Strategic Alliance Agreement Between Righthaven and Stephens Media
Incidentally, there’s a new state lawsuit just filed in South Carolina against Righthaven alleging barratry (the improper incitement and prosecution of lawsuits) and unfair trade practices. This news article details some of Righthaven’s interesting behavior. Did you ever copy a clip from a web page, paste it, and get some extra text added to what you cut, like “Read more: Rosen: A letter to the Tea Partyers – The Denver Post,” with a link to the article? Guess what – that’s NOT the newspaper all happy about the fact that you’re linking to it. That, according to the lawsuit, is “a unique per-customer code generated to allow the Denver Post to associate a particular pasted copy with a specific customer’s IP address for the purpose of identifying defendants for prosecution—and persecution—by Righthaven. . . . The Denver Post’s software could easily be configured to insert ‘Notice: You are violating The Denver Post’s copyright.’ Instead, the software tricks unknowing users into believing they have done nothing wrong while simultaneously helping Righthaven sue them later.” Yowza.
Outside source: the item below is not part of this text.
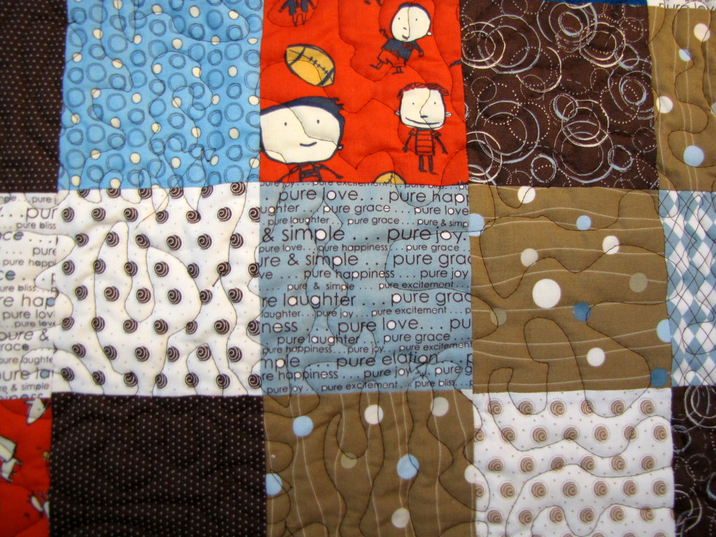 I have finished the quilting on this one, now I just need to snip threads and bind it. This is the first time I’ve played with the Bernina Stitch Regulator, and I love it. Took a while to get a groove going, but once I did it was great. I just did a meandering quilt pattern all over in chocolate brown thread.

Throughout these cases I’ve always wondered whether the lawyer skipped the class on equitable defenses.
Understatement of the day, from the South Carolina lawsuit: “Righthaven’s barratry business model is marginally profitable with regard to successful cases, i.e. settlements, but is horrendously undercapitalized when liabilities are taken into account.”
EFF case page on the Democratic Underground case here.
Righthaven LLC v. Democratic Underground, LLC, No. 2:10-cv-01356-RLH-GWF (D. Nev. June 14, 2011).